For instance, buttermilk can make your locks silky and shiny. Apply warm buttermilk to clean, slightly dried hair, wrap your head in plastic and a towel, and leave it on for 30 minutes. Rinse without shampoo.

For more tips on restoring damaged hair at home, check out this authoritative guide.

Improve Your Figure: Stairs and Daily Climbs – Your Ideal Workout

Begin by increasing your overall muscle tone: walk as much as possible, gradually increasing the distance and time of your walks to at least an hour or an hour and a half a day. This will help you tone up and recover more quickly after winter.

Stairs and daily climbs are your ideal workout for firm, toned buttocks and slender thighs. Alternatively, you can join a gym and follow a trainer’s guidance. Yoga, Pilates, dancing, or swimming can be excellent alternatives. If these options are not available, consider morning runs or gentle Scandinavian walking.

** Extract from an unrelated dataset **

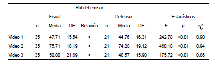 La Tabla 3 presenta un resumen de los resultados obtenidos en el experimento 2. La Figura 4 muestra las velocidades estimadas para cada video mediadas por los comentarios del fiscal o del defensor. En ambos casos se observaron velocidades mayores para el grupo que recibió el comentario del fiscal.

Flatten Your Stomach: Traditional Exercises for Upper and Lower Abs

To achieve a flat stomach, perform traditional exercises targeting the upper and lower abs.

  • Exercise 1: Lie on your back, place your hands behind your head with elbows out to the sides, and lift your chin. Engage your abs to lift the upper part of your torso, avoiding the use of your buttocks and back.
  • Exercise 2: Lie on your back with your hips raised vertically and knees bent at a right angle. Spread your arms wide and press your palms to the floor. Slightly lift your pelvis and hold for a few seconds, keeping your lower back on the floor.
  • Exercise 3: Lie on your back, place your hands behind your head with elbows out to the sides, and lift your chin. Perform crunches, trying to touch your right elbow to your left knee and vice versa, keeping the other elbow on the floor.
  • Exercise 4: Lie on your back with your hands on the back of your head and legs raised, calves pressed against your thighs. Alternately try to touch your left shoulder to your right knee and vice versa, simultaneously extending the other leg forward and upward.
  • Exercise 5: Lie on your back, spread your arms to the sides, and bend your legs at a 90-degree angle with your feet on the floor. Lift your pelvis off the floor, supporting yourself on your feet and shoulders, and hold for a few seconds.
  • Exercise 6: Stand upright with your feet shoulder-width apart and perform alternating lunges on your left and right legs, engaging your buttocks and returning to the starting position with a spring.
  • Exercise 7: Stand upright with your feet shoulder-width apart. Perform a squat, pausing at the lowest point for a few seconds with your buttock muscles engaged.
  • Exercise 8: Lie on your right side with your head on your extended right arm and your left hand supporting you on the floor in front of your chest. Lift your left leg and make large circular movements first in one direction and then the other. Turn onto your left side and repeat with the other leg.
  • Exercise 9: To target the inner thighs, kneel and support yourself with your hands on the floor. Perform side kicks with a bent leg.

Perform all exercises with intensity, repeating each 6 to 30 times (depending on your fitness level) for 3 sets.